12 China See DynasTea
The delicious pure oolongs, ranging from a somewhat heavier more pronounced oolong, to an oolong with a silky soft taste come from Wuhan the capital of Hubei Province in China. Many are familiar with the Silk Road, while the “Camel Route of the grasslands” is less well known.
From the late 17th century, during the Qing Dynasty, Wuhan was the starting point of the tea trade route to Mongolia. This trade route was also called the “Camel Route of the grasslands.”
22 Malawi See Lake of Stars
These delicious teas and herbs are sourced from a unique tea plantation in the Shire Highlands of Malawi (Africa) where special quality teas and herbs are hand picked and artfully processed.
32 Japan See Fuji
This delicious rare tea comes from
Kagoshima. Kagoshima is located at the southernmost tip of Japan, and unlike China, Japan produces almost exclusively green tea. To get a green tea, it is important to prevent the leaves from oxidizing after harvest. Oxidation means to turn brown under the influence of oxygen. In China, oxidation of the tea is prevented by heating the tea in a wok. In Japan, they do this by steaming the green teas. The Fukamushicha is a deeply steamed green tea. This means that the tea is steamed longer than regular resulting in a fuller rich umami flavor.
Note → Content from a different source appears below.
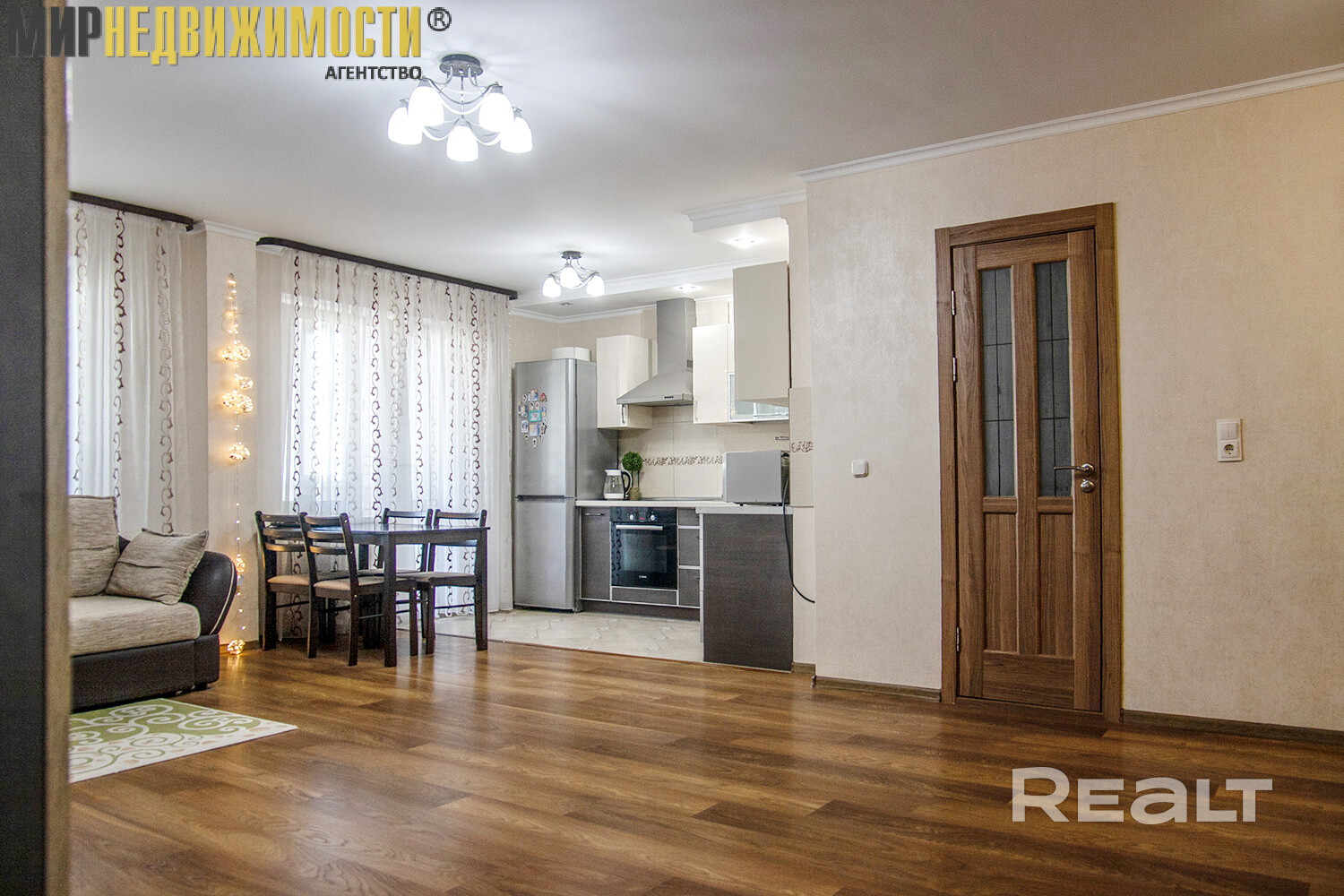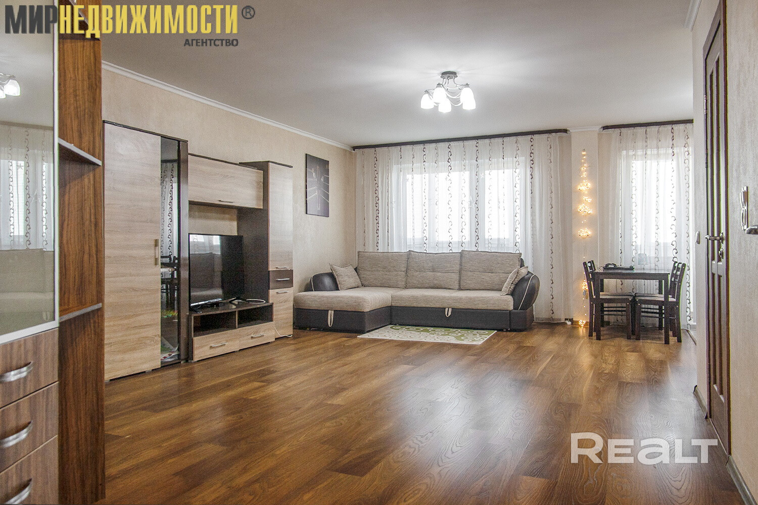 Площадь комнаты с кухонным оборудованием 39.0 кв.м. В квартире сделан хороший ремонт, вся мебель есть, бытовая техника, 3 балкона, с/у раздельный, шикарный вид из окон, хорошие соседи, чистый, аккуратный подъезд, шлагбаум, хорошо развита инфраструктура, магазины, кафе, парикмахерские, школа, сад, рядом Минск-Арена, парк Дрозды.

42 South Africa See Good Hope
Rooibos is also called “bush tea.” Rooibos is in fact a shrub with yellow flowers that grows naturally near Cedar Mountain. Although this shrub can grow as tall as half a meter to a meter, this plant is usually harvested at a height of 20 cm during the period January through March.
The needle-like leaves are green when picked. Then the leaves are bruised and wetted, triggering a chemical fermentation process. This creates the beautiful dark red color, after which the needles are placed in the African sun the next day to oxidize further. For this reason, rooibos is also called “red tea” in addition to “bush tea.”